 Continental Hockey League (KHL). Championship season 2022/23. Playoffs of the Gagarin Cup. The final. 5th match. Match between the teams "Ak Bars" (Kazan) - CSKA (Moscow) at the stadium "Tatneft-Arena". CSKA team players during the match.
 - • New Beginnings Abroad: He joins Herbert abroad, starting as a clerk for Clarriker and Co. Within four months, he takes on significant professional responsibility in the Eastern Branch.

_____

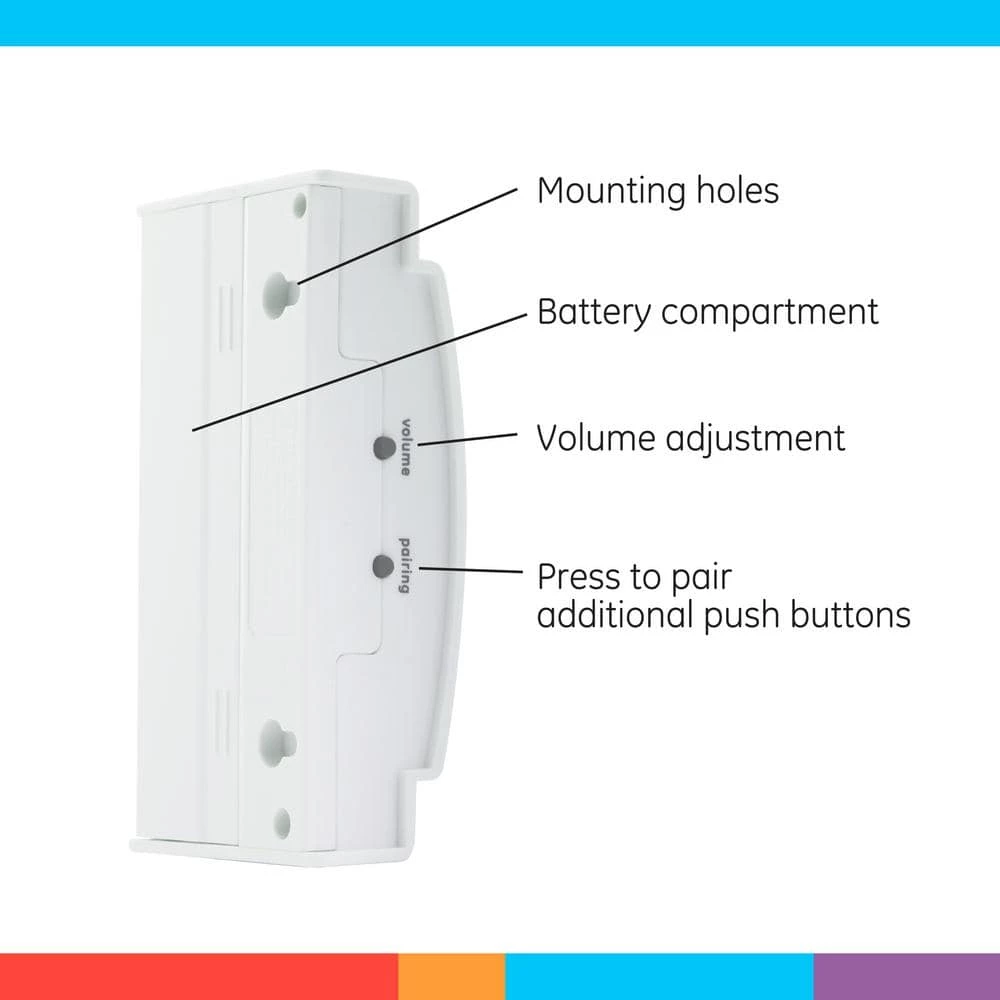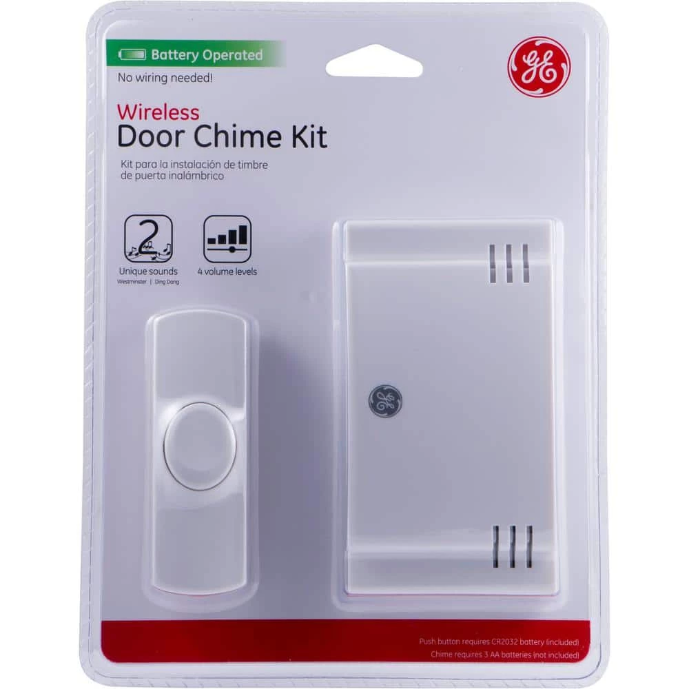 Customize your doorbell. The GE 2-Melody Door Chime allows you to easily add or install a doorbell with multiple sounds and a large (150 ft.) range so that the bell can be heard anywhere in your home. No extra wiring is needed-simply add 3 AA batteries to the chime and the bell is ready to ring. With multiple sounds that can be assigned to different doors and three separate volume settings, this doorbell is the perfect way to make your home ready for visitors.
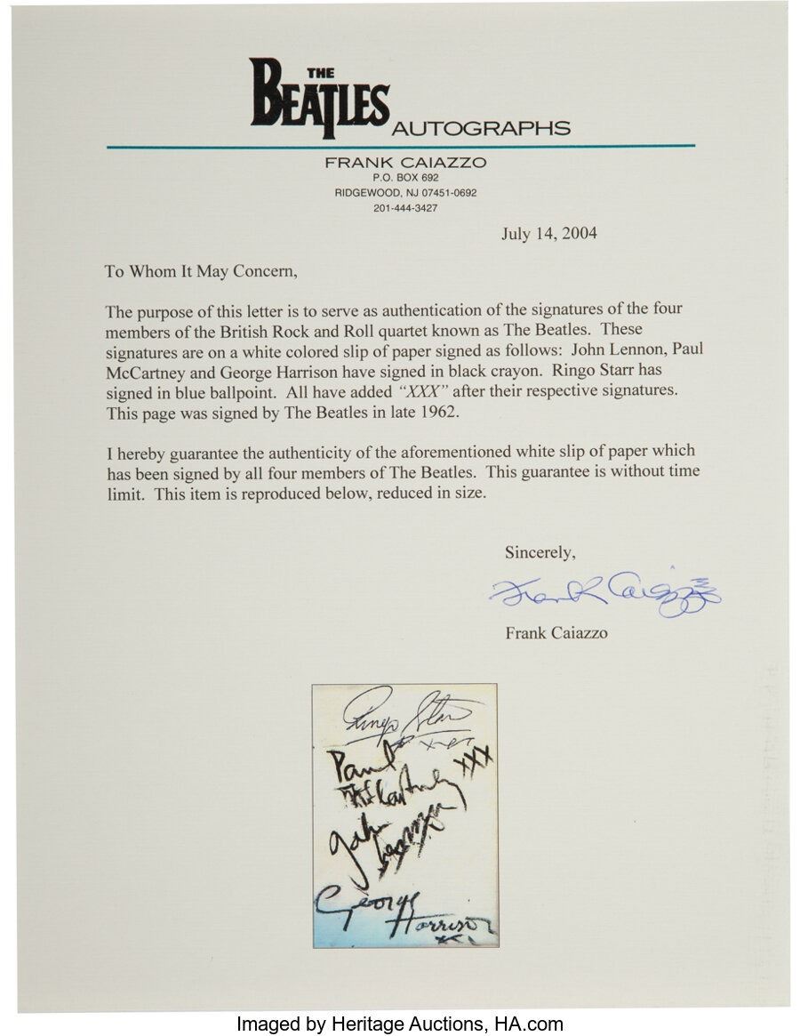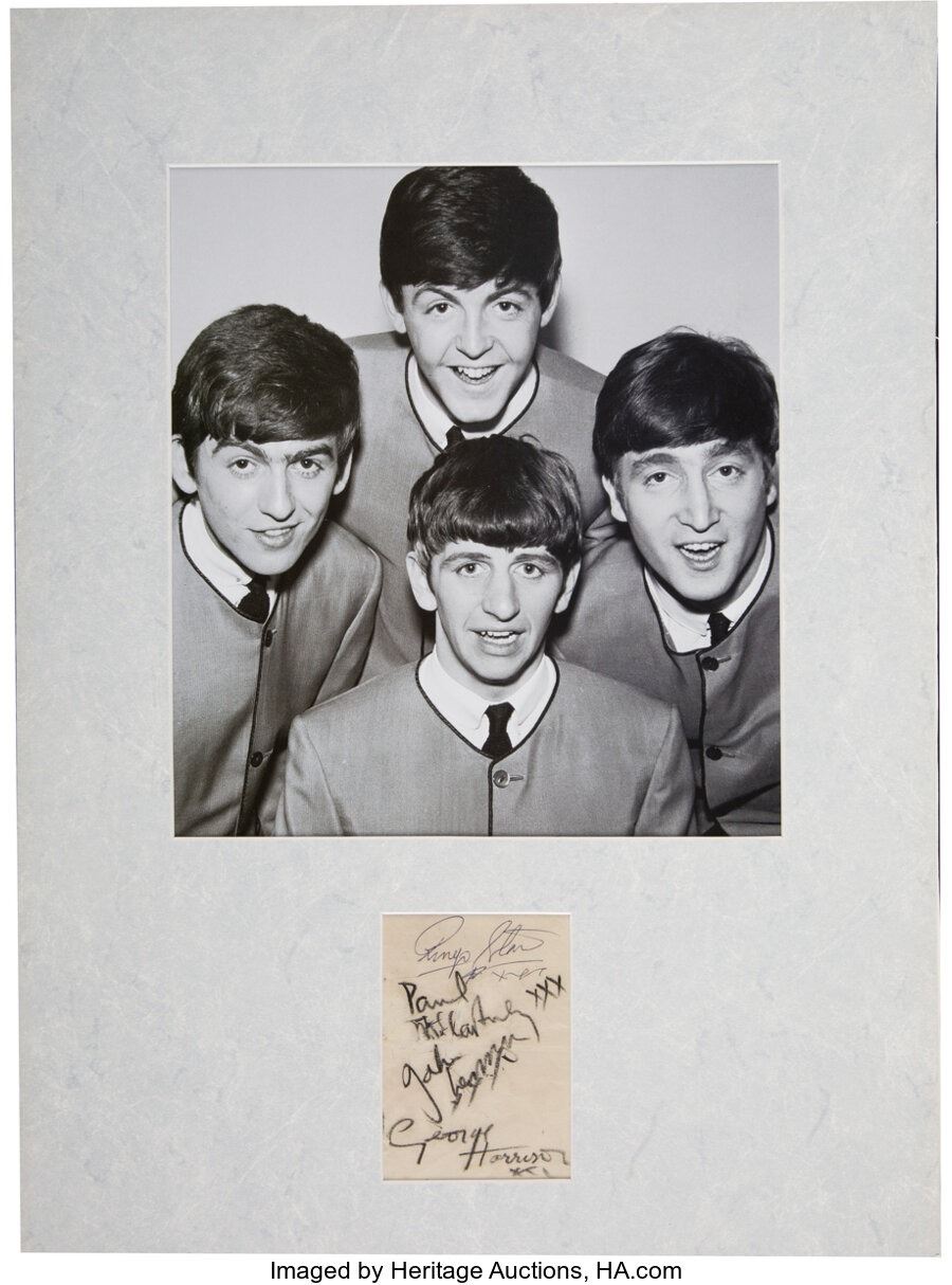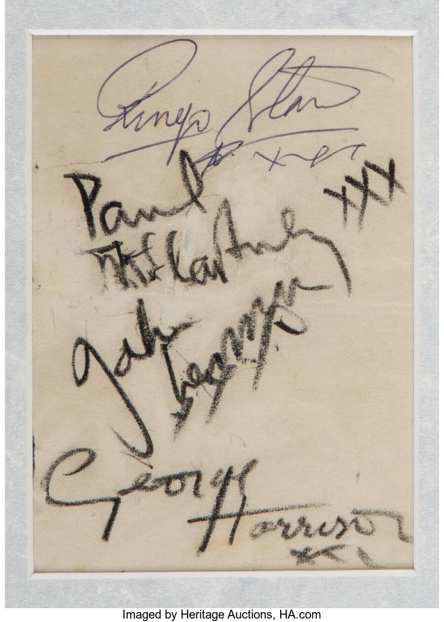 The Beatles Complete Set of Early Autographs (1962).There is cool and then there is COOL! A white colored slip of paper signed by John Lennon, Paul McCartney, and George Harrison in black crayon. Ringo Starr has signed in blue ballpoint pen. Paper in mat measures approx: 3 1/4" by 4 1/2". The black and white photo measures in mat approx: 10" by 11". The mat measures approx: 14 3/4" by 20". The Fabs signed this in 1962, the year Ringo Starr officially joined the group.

_____

_Task to carry out_: Everything from the line with "Continental Hockey League" through the line with "- • New Beginnings" in the listing above must be retyped exactly, with nothing added.

_Solution to the exercise_:
 Continental Hockey League (KHL). Championship season 2022/23. Playoffs of the Gagarin Cup. The final. 5th match. Match between the teams "Ak Bars" (Kazan) - CSKA (Moscow) at the stadium "Tatneft-Arena". CSKA team players during the match.
 - • New Beginnings Abroad: He joins Herbert abroad, starting as a clerk for Clarriker and Co. Within four months, he takes on significant professional responsibility in the Eastern Branch.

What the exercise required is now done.